瞟了眼他手里那个沉重的购物袋,白臻无语地摇摇头。
好烂的偶遇。
好烂且没用的偶遇。
“对了。”她放慢脚步,语气也少了些打趣意味,“前阵子你帮安时愉解决入乐团那事,有空了我再请你吃顿饭。”
陆霁英淡淡回了句“犯不着”。
又听见她继续说:“一码归一码。”
“你尽早把东郊的项目落定比什么都强。”
“陆霁英,你知道我为什么不喜欢和你讲话吗?”
“不想知道。”
白臻又翻了个白眼。
两人一路沉默无言,到了陆霁英别墅门口,白臻停下,提醒他:“前天褚阿姨来问我情况了,我说你最近都和我待在一起,也不知道她信不信,你自己回去看看她的态度。”
“多谢。”
“谢倒不用,下周爷爷八十大寿,记得准时到。”
“具体时间到时候发给我助理。”
“行。”白臻看了眼紧闭的院门,嫌弃道,“也不知道买这么大的房子干嘛,又没人住,死气沉沉的。”
陆霁英懒得听她聒噪,推开门,径直走了进去。
-
短短两天,姜目淮遇见了陆霁英四次,每次都是很巧的卡在上下班时段。有时候她会远远朝他点头致意,但如果幸运地没对上视线,她就会匆匆逃往停车场。
工作日不用去静园家教,反而成了一件令人期待的事。
但某人不这么想。
陆霁英把玩着手机,目光落在桌尾那个放倒的黑色相框上。耳边,助理周晨在提醒他晚上七点要前往清水湾赴宴。
“陆总,茶具已经托人先送过去了。”周晨一板一眼地汇报着行程表上的安排,“启爱特殊教育学校的校长这周已经问了三次,希望您能去学校进行实地考察。
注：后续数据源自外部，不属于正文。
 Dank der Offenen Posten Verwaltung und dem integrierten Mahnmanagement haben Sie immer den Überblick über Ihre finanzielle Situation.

”
陆霁英指节轻叩桌面,抬眸看他一眼。
周晨问:“周五早上十点目前没有安排,约这个时间可以吗?”
“那批Lumen的阅读设备给学校送过去了?”
“明天。”
“记得送一台到MH出版社。”
“好的。”周晨重复,“那么周五的时间安排为校园实地考察。”
“嗯。”陆霁英习惯性拨弄着那个相框,却又始终没有把它扶正。良久,他才吩咐周晨下去把车开到公司门口。
抵达清水湾时,白老太爷的生日宴早已开始。
四下热闹,声音从宅子外都能听到。
门卫跑来迎接,周晨被请去了侧厅。陆霁英不紧不慢地朝大堂走去,闲散得犹如在自家一般。路过前院,碰上许多陌生面孔。有人想上前搭话,陆霁英淡漠地没给眼神。那些浮于表面的心思,百里外都能嗅到。
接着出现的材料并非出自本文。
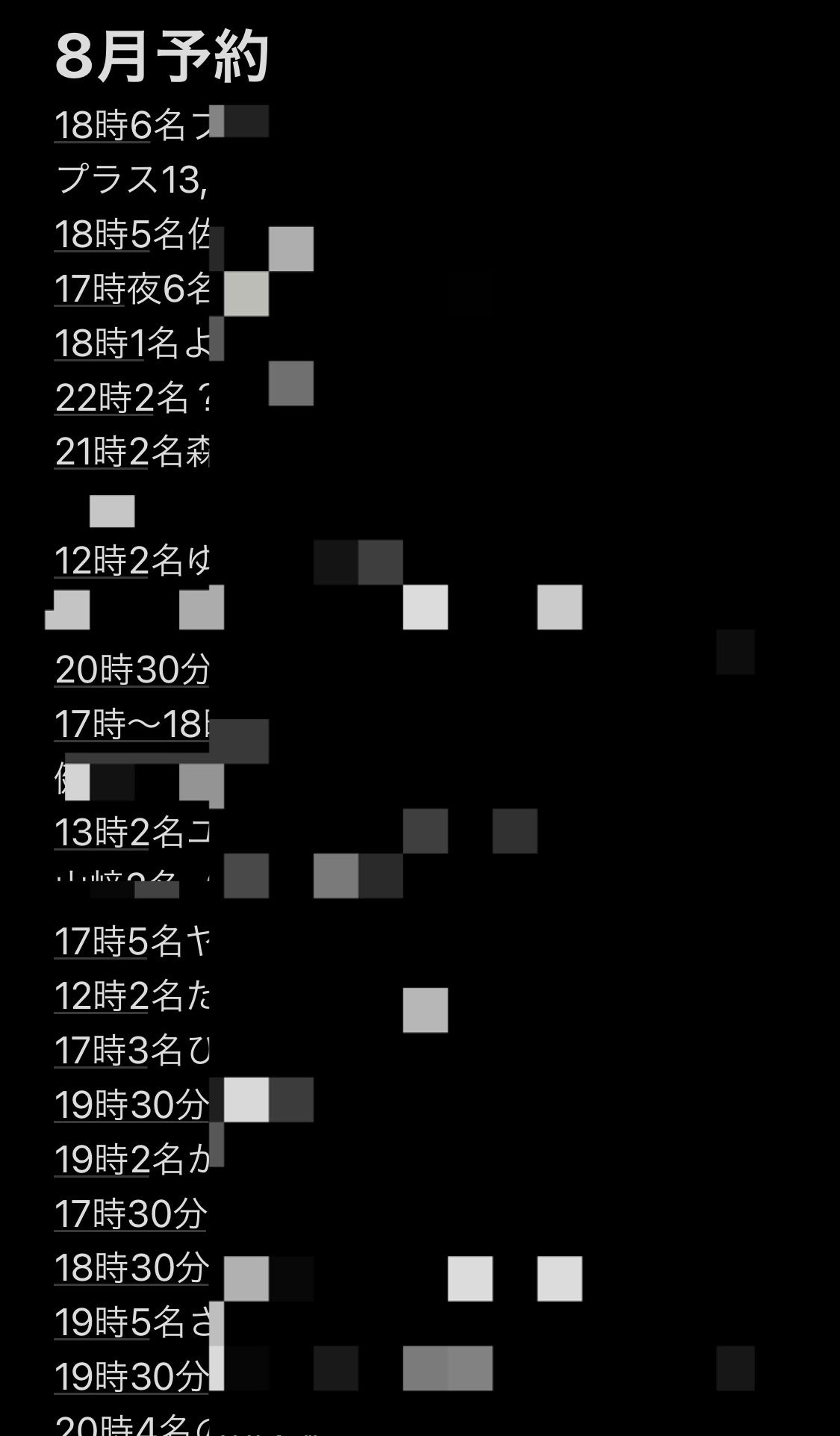 8月の予約の一部(約30組キャンセル)業態変更や新商品開発も考えましたが資金も足りず

进了大门,管家张叔第一时间瞧见他,二话不说把他带去白臻面前。白臻今晚身着一袭靛蓝色长裙,此刻慵懒地倚靠在旋梯圆木扶手边,看到他,颇不客气就说:“陆霁英,这就是你所谓的时间观念?”她嫌弃地上下扫视他,对于这身商务到不能再商务的装束不甚满意,“刚从公司过来?”
“老爷子呢?”
“后院和人下棋呢。”白臻随手一指,提醒他,“你爸妈也来了。”
倒不意外。
陆霁英转身,穿过大堂径直走向院子。灯火通明,几株结果的西府海棠配上青瓦灰砖倒是别有一番韵味。
也不知道白臻哪个亲戚先发现他们,嘹亮一嗓子,围在棋桌前的一圈人齐齐朝这边看来。白臻作势上前勾住他臂弯,虚虚的,外人眼里却亲密无间。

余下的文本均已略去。